In all three traditions, commentators discussed at length exactly what role Joseph had played and how far he had ventured into consensual sexual behavior. Had he been totally chaste and resisted all her blandishments? Or had he gone along to some extent, but then realized his danger at the last moment? In a late ancient world increasingly suspicious of sexuality, Christian fathers stressed Joseph’s total purity and the rigorous self-control that allowed him to escape unscathed. For Jewish sages, the scriptural story allowed otherwise puritanical scholars to discuss sexual problems and encounters in surprisingly frank detail. The religious context also allowed visual artists to address the story, almost always with an emphasis on the wife’s nudity. If the scene was biblical, how could it be condemned as soft porn, which it often was? Other scholars, of course, responded far more seriously. In one strand of Islamic tradition, mystics and Sufi poets wholly spiritualized Zulaykha’s lustful nature, presenting her as a symbol of the human soul yearning for God.
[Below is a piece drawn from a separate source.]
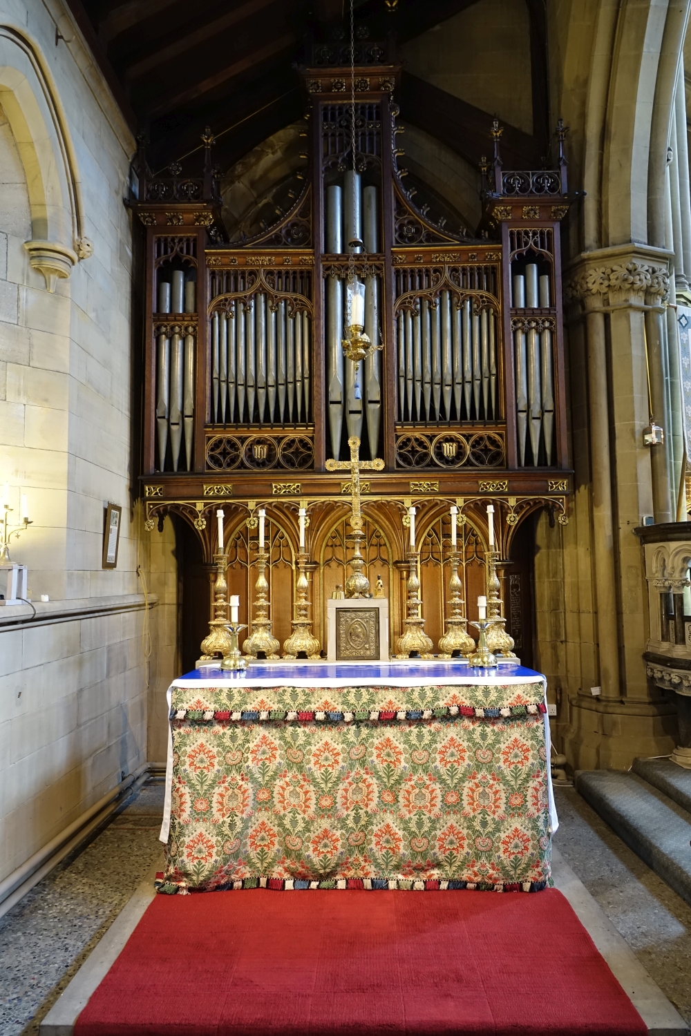 Abbott & Smith bouwde in 1938 een nieuw pneumatisch kegelladen-orgel met 40 (38) stemmen, 3 manualen en een vrij pedaal voor de All Souls’ Church (Blackman Lane) in Leeds (Yorkshire) UK. Wordsworth & Company Wood restaureerde het instrument in 1976. Daarbij werd de tractuur elektrisch gemaakt. John T. Jackson leverde in 1997 nieuw pijpwerk voor de Fourniture. Van dit registers waren diverse pijpen op onverklaarbare wijze verdwenen. Het pedaalklavier is radiaal concaaf.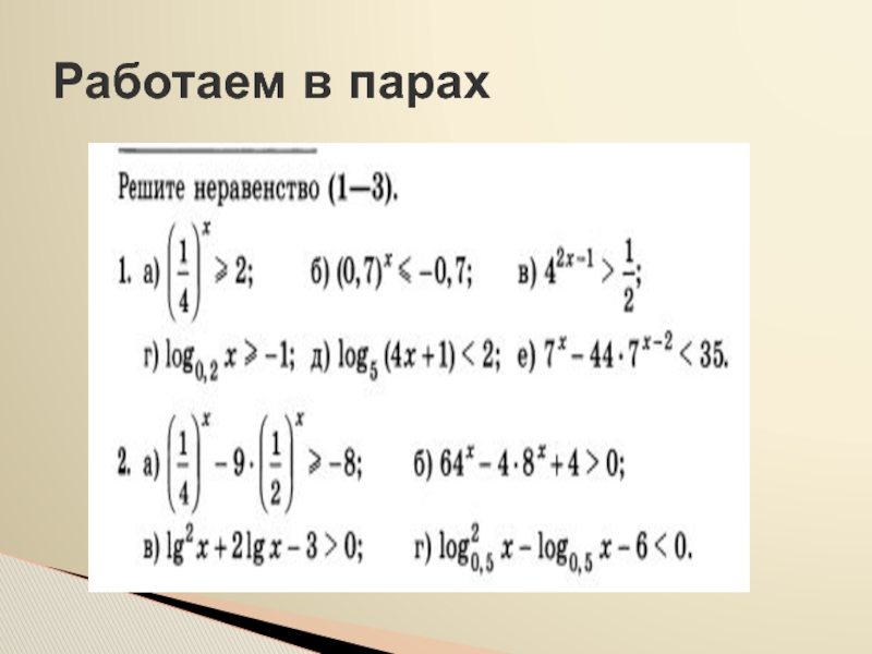 Слайд 15Решение показательных и логарифмических уравнений и неравенств

Readers might know the name Zulaykha from Max Beerbohm’s riotously funny 1911 novel Zuleika Dobson, about a flamboyant seductress in Ed­wardian Oxford, and it is not inappropriate to mention that comic treatment in this otherwise grim context. Islamic tradition makes “Potiphar’s wife” a much more interesting and rounded character than does the Bible, actually dignifying her with a name. Her husband, in contrast, is known only as al-Aziz, the “Powerful Guy.” The Qur’an adds a sequel in which Zul­aykha summons her women friends to a banquet, at which all have knives to cut their fruit. When Joseph passes by, they are so overcome by sexual desire that they do not notice they are cutting into their own flesh. Later commentators debated over how many of the women unintentionally killed themselves in the process. You may make fun of me, Zulaykha tells her guests, but look at the temptations I have to deal with! I don’t think a scholarly work on comparative Bible interpretation should have me laughing quite as often as this one did, and by no means only in this section.

The Zulaykha tale should serve as a salutary reminder to Christians and Jews about the nature of the Qur’an. When Westerners open the Qur’an today, they are often investigating only what it says about justifying violence, the nature of jihad, or religious intolerance. All those themes are obviously critical, but it’s easy to lose sight of the book’s character as an assemblage of stories, legends, and folktales. Some of these verge on being shaggy dog tales, while others look like they have strayed from a story by Jorge Luis Borges. Consider, for instance, the mind-twisting Moses story in Sura 18. One of the pleasures of reading Gregg’s book is discovering the wide-ranging humanity and intelligence that runs through the early Islamic tradition, even when he discusses weighty scriptural matters.

Another great virtue of Shared Stories, Rival Tellings is Gregg’s frequent use of visual depictions of the stories. Often these cast light on how the stories were evolving, and more particularly on how the underlying ideas were reaching the consciousness of ordinary believers.

Gregg’s book has much to recommend it, but it is not a straightforward read. Instead of bringing out the major themes that run through the various descriptions, the author works his way painstakingly through each story as it was treated in each religion. Such exhaustive, step-by-step scholarship can be hard going for a general reader. I wonder whether the book should have been structured differently. Each of the individual case studies runs to a hundred pages or so, with Mary taking up 140 pages. Each section might have made more sense as a freestanding short book or could have been expanded slightly into a fuller treatment. Are five books actually hiding in these sprawling pages?

But this is a valuable, scholarly work with an abundance of memorable, surprising stories that will provide new insights even for readers who think they know this material very well. It repays endless dipping.

Philip Jenkins

Philip Jenkins teaches at Baylor University. His latest book is Kingdoms of This World: How Empires Have Made and Remade Religions.